*Data excerpts*
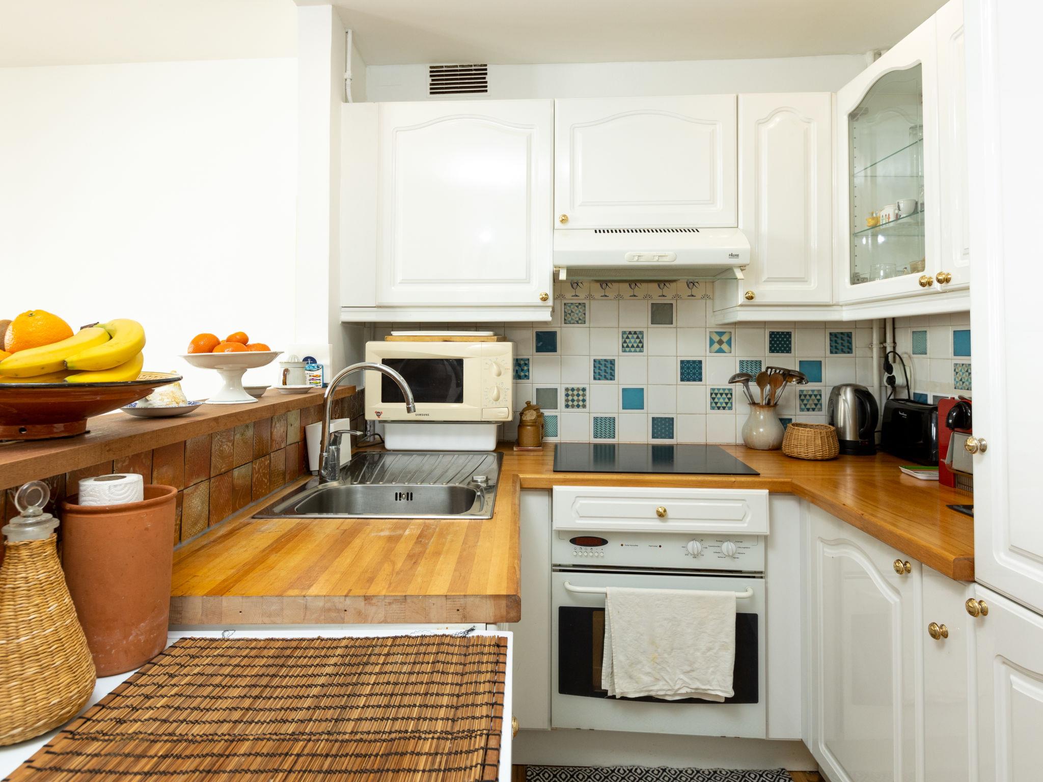 "L'Emeraude", 2-room apartment 55 m2 on 1st floor. Beautiful and modern furnishings: large living/dining room 30 m2 with 1 sofabed (140 cm, length 190 cm). 1 room with 1 french bed (1 x 140 cm, length 190 cm). Open kitchen (oven, dishwasher, 4 induction hot plates, toaster, kettle, microwave, electric coffee machine). Bathroom, sep. WC. Gas heating. Parquet floors. Terrace 12 m2. Terrace furniture. Very beautiful view of the sea and the port. Facilities: washing machine. Internet (WiFi, extra). Garage (1 car). Please note: non-smokers only. Smoke alarm. Offer by a private individual according to Art. 155, IV of CGI.
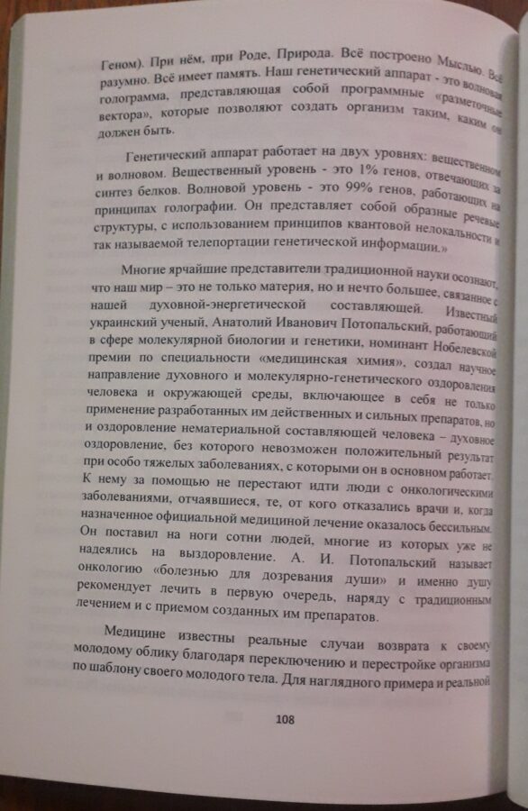 “Багато найяскравіших представників традиційної науки усвідомлюють, що наш світ – це дещо більше, ніж матерія, він складається ще й з духовно-енергетичної складової. Відомий український вчений, Анатолій Іванович Потопальський, який працює у сфері молекулярної біології та генетики, номінант Нобелівської премії за спеціальністю «медична хімія», створив науковий напрямок духовного та молекулярно-генетичного оздоровлення людини та довкілля, який включає в себе не лише застосування розроблених ним дієвих та сильних препаратів, а й оздоровлення нематеріальної складової людини – духовне оздоровлення, без якого неможливий позитивний результат при особливо важких захворюваннях, з якими він в основному і працює. До нього за допомогою продовжують йти люди з онкологічними захворюваннями, які зневірилися, ті, від кого відмовилися лікарі і коли призначене офіційною медициною лікування виявилося безсилим. Він поставив на ноги сотні людей, багато з яких вже не сподівалися на одужання. А. І. Потопальський називає онкологію «хворобою для дозрівання душі» і саме душу рекомендує лікувати в першу чергу, паралельно із традиційним лікуванням та з прийомом створених ним препаратів.”
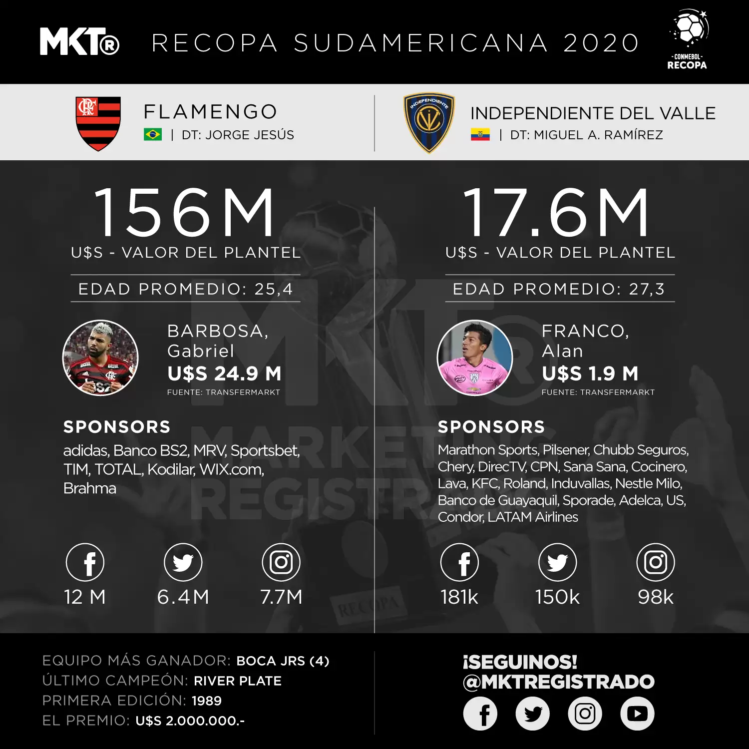 Flamengo es sin lugar a duda en cuanto a números el gran candidato a quedarse con el primer título de la CONMEBOL de la temporada. Su importante poderío en la cancha se traduce en las grandes cifras que se manejan en cuanto al valor del plantel. Según el sitio Transfermarkt, especializado en valoración de jugadores y planteles, el equipo carioca tiene un plantel valuado en 156 millones de dólares, mientras que el del equipo ecuatoriano solo es de 17.6 millones de dólares.
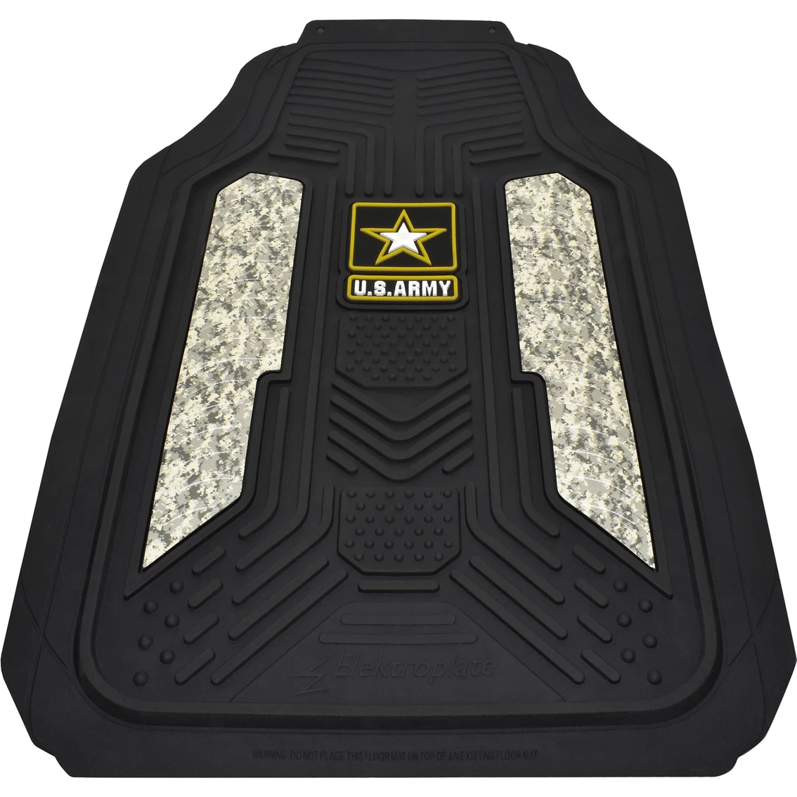 Drive with these Officially licensed U.S. Army heavy duty floor mats (28 x 17.5 in.) by Elektroplate. These premium floor mats feature full color logos with metallic sheen and custom graphics. Easy to clean heavy duty rubber featuring deep channels designed to trap water and dirt. Nibbed backing to secure mat in place for a no slip grip. These mats offer trimmable sides for a perfect universal fit.
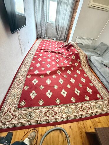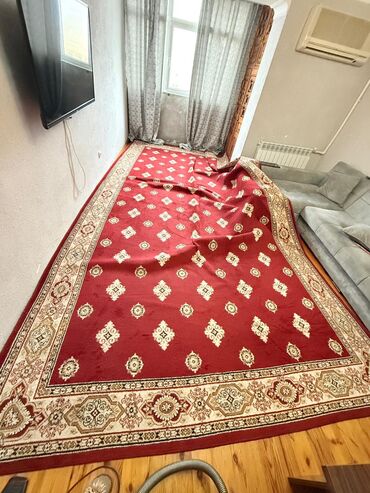 Xalça və yolluq dəsti - Klassik oriental naxışlı iri xalça: fonu tünd qırmızı, krem rəngli mərkəzi medalyon və haşiyələr, güllü ornamentlər. Otaq ölçülüdir, dördkünc forma. Kənar haşiyələr çoxzola...
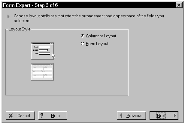 After you've selected which columns to include, you're then asked to select a basic layout for the new form, as shown in Figure 3.5. You've got two choices: Columnar and Form Layout. Selecting Columnar Layout vertically aligns the table columns on the form. Selecting Form Layout places them next to each other in a multiple-row, horizontal format. Click Next to accept the default Columnar Layout for your new form.
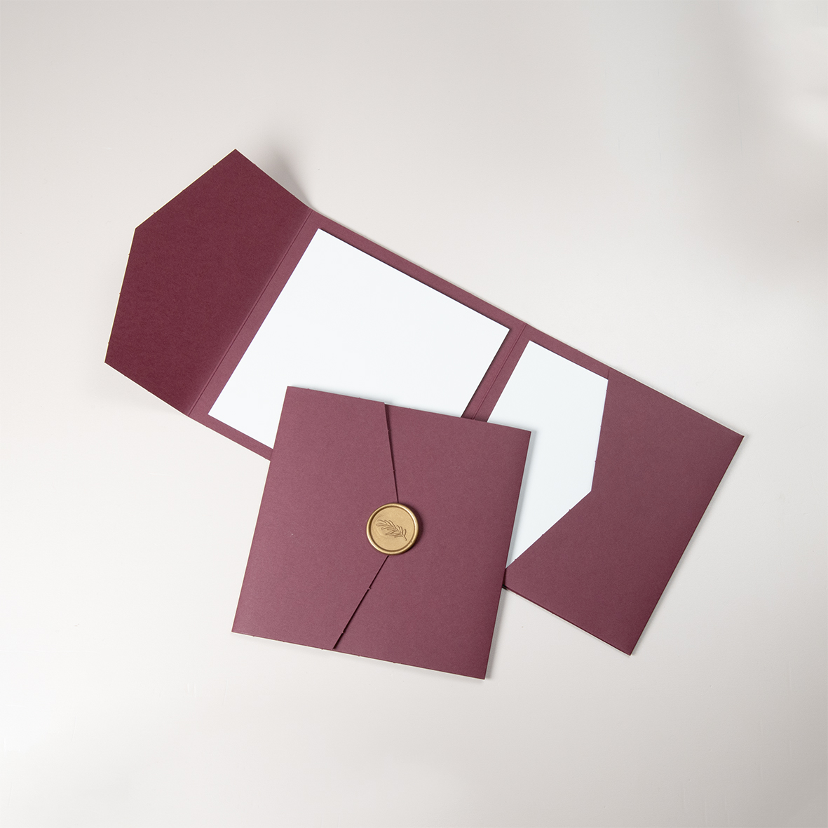 Berry Red pocketfold voor vierkante kaarten van 13 x 13 cm. Formaat pocketfold: 14,5 x 14,5 cm. Kies voor envelopmaat 16 x 16 cm.
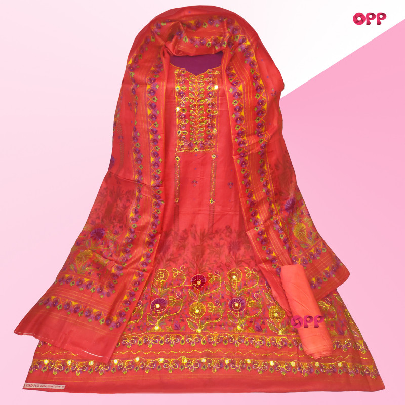 Rajsthani Ari Dollar Work With Embroidery Three Piece, Colorful Dopatta. Very Gorgeous Cotton Collection.
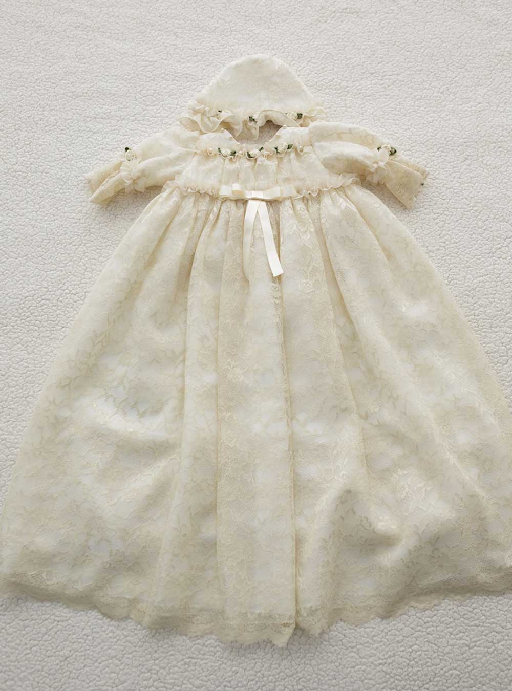 アンティーク調のレース生地で高級感のあるデザイン。繊細な総レースに薔薇の装飾がアクセントになり上品なドレス。肌馴染の良いベージュカラーがナチュラルで優しい印象にしてくれます。 男の子にも女の子にもお召いただけるカジュアルな家族写真にもフォーマルな家族写真にもマッチするセレモニードレスです。

*Your goal*
Output the material above exactly as written and drop any images it holds.

*Solution to this task*
 "L'Emeraude", 2-room apartment 55 m2 on 1st floor. Beautiful and modern furnishings: large living/dining room 30 m2 with 1 sofabed (140 cm, length 190 cm). 1 room with 1 french bed (1 x 140 cm, length 190 cm). Open kitchen (oven, dishwasher, 4 induction hot plates, toaster, kettle, microwave, electric coffee machine). Bathroom, sep. WC. Gas heating. Parquet floors. Terrace 12 m2. Terrace furniture. Very beautiful view of the sea and the port. Facilities: washing machine. Internet (WiFi, extra). Garage (1 car). Please note: non-smokers only. Smoke alarm. Offer by a private individual according to Art. 155, IV of CGI.
 “Багато найяскравіших представників традиційної науки усвідомлюють, що наш світ – це дещо більше, ніж матерія, він складається ще й з духовно-енергетичної складової. Відомий український вчений, Анатолій Іванович Потопальський, який працює у сфері молекулярної біології та генетики, номінант Нобелівської премії за спеціальністю «медична хімія», створив науковий напрямок духовного та молекулярно-генетичного оздоровлення людини та довкілля, який включає в себе не лише застосування розроблених ним дієвих та сильних препаратів, а й оздоровлення нематеріальної складової людини – духовне оздоровлення, без якого неможливий позитивний результат при особливо важких захворюваннях, з якими він в основному і працює. До нього за допомогою продовжують йти люди з онкологічними захворюваннями, які зневірилися, ті, від кого відмовилися лікарі і коли призначене офіційною медициною лікування виявилося безсилим. Він поставив на ноги сотні людей, багато з яких вже не сподівалися на одужання. А. І. Потопальський називає онкологію «хворобою для дозрівання душі» і саме душу рекомендує лікувати в першу чергу, паралельно із традиційним лікуванням та з прийомом створених ним препаратів.”
 Flamengo es sin lugar a duda en cuanto a números el gran candidato a quedarse con el primer título de la CONMEBOL de la temporada. Su importante poderío en la cancha se traduce en las grandes cifras que se manejan en cuanto al valor del plantel. Según el sitio Transfermarkt, especializado en valoración de jugadores y planteles, el equipo carioca tiene un plantel valuado en 156 millones de dólares, mientras que el del equipo ecuatoriano solo es de 17.6 millones de dólares.
 Drive with these Officially licensed U.S. Army heavy duty floor mats (28 x 17.5 in.) by Elektroplate. These premium floor mats feature full color logos with metallic sheen and custom graphics. Easy to clean heavy duty rubber featuring deep channels designed to trap water and dirt. Nibbed backing to secure mat in place for a no slip grip. These mats offer trimmable sides for a perfect universal fit.
 Xalça və yolluq dəsti - Klassik oriental naxışlı iri xalça: fonu tünd qırmızı, krem rəngli mərkəzi medalyon və haşiyələr, güllü ornamentlər. Otaq ölçülüdir, dördkünc forma. Kənar haşiyələr çoxzola...
 After you've selected which columns to include, you're then asked to select a basic layout for the new form, as shown in Figure 3.5. You've got two choices: Columnar and Form Layout. Selecting Columnar Layout vertically aligns the table columns on the form. Selecting Form Layout places them next to each other in a multiple-row, horizontal format. Click Next to accept the default Columnar Layout for your new form.
 Berry Red pocketfold voor vierkante kaarten van 13 x 13 cm. Formaat pocketfold: 14,5 x 14,5 cm. Kies voor envelopmaat 16 x 16 cm.
 Rajsthani Ari Dollar Work With Embroidery Three Piece, Colorful Dopatta. Very Gorgeous Cotton Collection.
 アンティーク調のレース生地で高級感のあるデザイン。繊細な総レースに薔薇の装飾がアクセントになり上品なドレス。肌馴染の良いベージュカラーがナチュラルで優しい印象にしてくれます。 男の子にも女の子にもお召いただけるカジュアルな家族写真にもフォーマルな家族写真にもマッチするセレモニードレスです。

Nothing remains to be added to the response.